In order to test gang and worker clause, these is a small program.
#include<stdio.h>
#include<stdlib.h>
#define N 1000
#define M 1000
int main()
{
int *A;
A=(int *)malloc(N*M*sizeof(int));
for(int i=0;i<N*M;i++){
A[i]=-1;
}
#pragma acc kernels loop gang(100),worker(128)
for(int i=0;i<N*M;i++)
{
A[i]=i;
}
for(int i=0;i<10;i++)
printf("A=%d\n",A[i]);
return 0;
}
Under the linux os , compile information :
[wcj@localhost example]$ pgcc -acc -Minfo gang.c
NOTE: your trial license will expire in 8 days, 13.7 hours.
main:
12, Memory set idiom, loop replaced by call to __c_mset4
17, Generating present_or_copyout(A[0:1000000])
Generating NVIDIA code
Generating compute capability 1.0 binary
Generating compute capability 2.0 binary
Generating compute capability 3.0 binary
18, Loop is parallelizable
Accelerator kernel generated
18, #pragma acc loop gang(100), vector(128) /* blockIdx.x threadIdx.x */
And the execution information:
[wcj@localhost example]$ ./a.out
A=0
A=1
A=2
A=3
A=4
A=5
A=6
A=7
A=8
A=9
Accelerator Kernel Timing data
/home/wcj/Yunio/openacc/example/gang.c
main NVIDIA devicenum=0
time(us): 703
18: kernel launched 1 times
grid: [7813] block: [128]
device time(us): total=80 max=80 min=80 avg=80
elapsed time(us): total=96 max=96 min=96 avg=96
27: data copyout reached 1 times
device time(us): total=623 max=623 min=623 avg=623
My question is that why grid number is not equal to the number that set the value in gang clause.

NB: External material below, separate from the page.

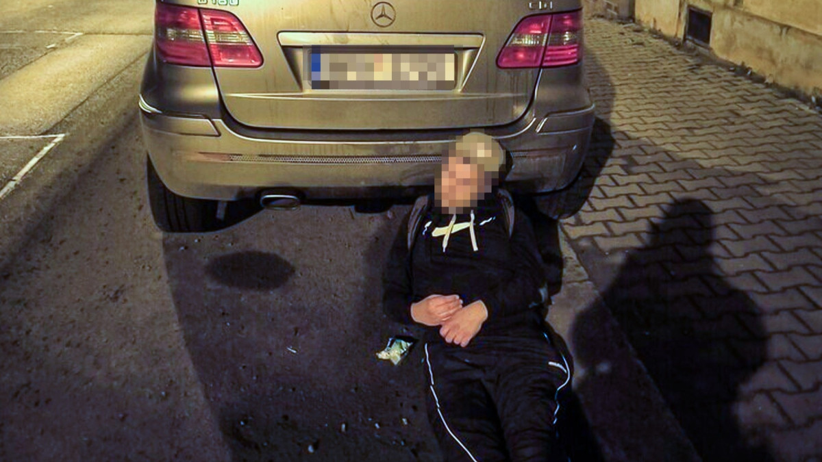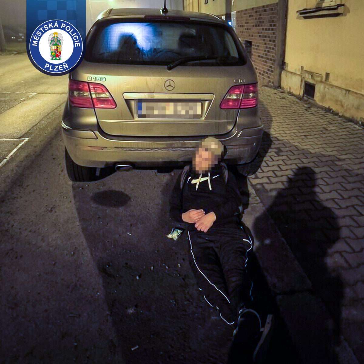 Opilý muž vyděsil kolemjdoucí, zalezl si pod zaparkované auto a zasekl se tam

And I test the program under window OS using the PGI workstation. From the execution information, I know grid number is equal to the number that set the value in gang clause.
why the result of grid number are not the same under different system. Maybe it is the bug of the linux version of PGI compiler?
[/list][/code][/quote]